The İstanbul 14th High Criminal Court began a review of the trial late last year after the Supreme Court of Appeals overturned in May the İstanbul court’s ruling of Jan. 17, 2012, in which it dismissed the involvement of an organized criminal network in the murder.
Tuncel was released as part of legal amendments made for lengthy trials and Tuncel exceeded the maximum period he could be jailed as a suspect.
Tuncel, who worked as an informant for the Trabzon Police Department, was sentenced to 10 years in prison for his role in the 2004 bombing of a McDonald’s restaurant in the Black Sea town of Trabzon but was acquitted of all charges regarding the Dink murder, including prosecutors’ claims in the first trial that he was the one who ordered Yasin Hayal, the man who was given a life sentence for soliciting Dink’s shooter, to murder him.

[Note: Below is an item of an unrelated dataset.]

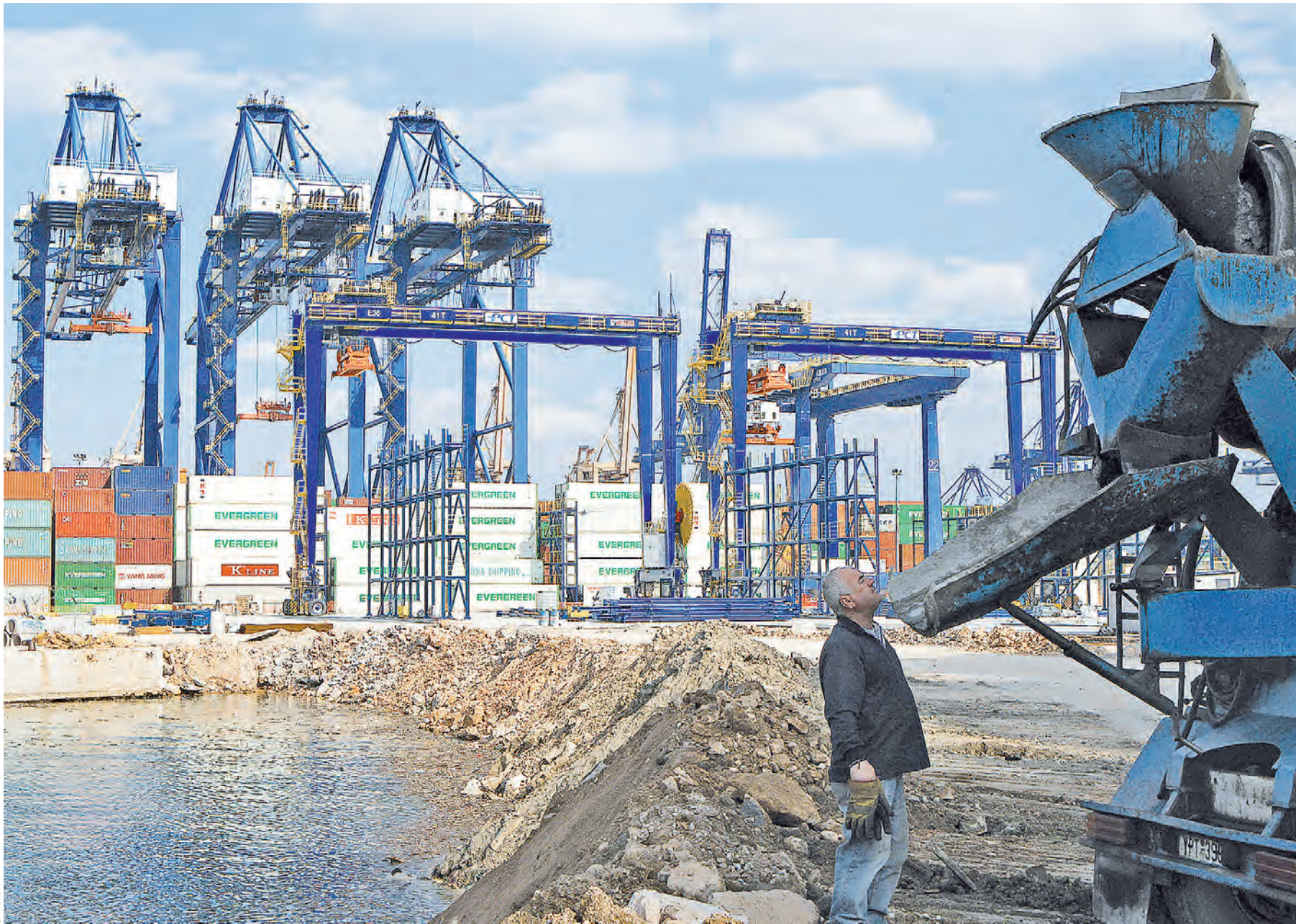
Афинский порт Пирей, его строительство проинвестировала китайская компания COSCO. Китай вложил около 50 миллиардов долларов в инфраструктурные проекты экономического пояса.

Си Цзиньпин ясно изложил свои амбиции в отношении инициативы «Один пояс — один путь»

Tuncel, along with all other defendants, were cleared of charges of membership in a terrorist organization in a previous local court’s ruling.
Dink was shot and killed in broad daylight on Jan. 19, 2007, by an ultranationalist teenager outside the offices of his newspaper in İstanbul. Evidence discovered since then has led to claims that the murder was linked to the “deep state,” a term used in reference to a shady group of military and civilian bureaucrats believed to have links to criminal elements.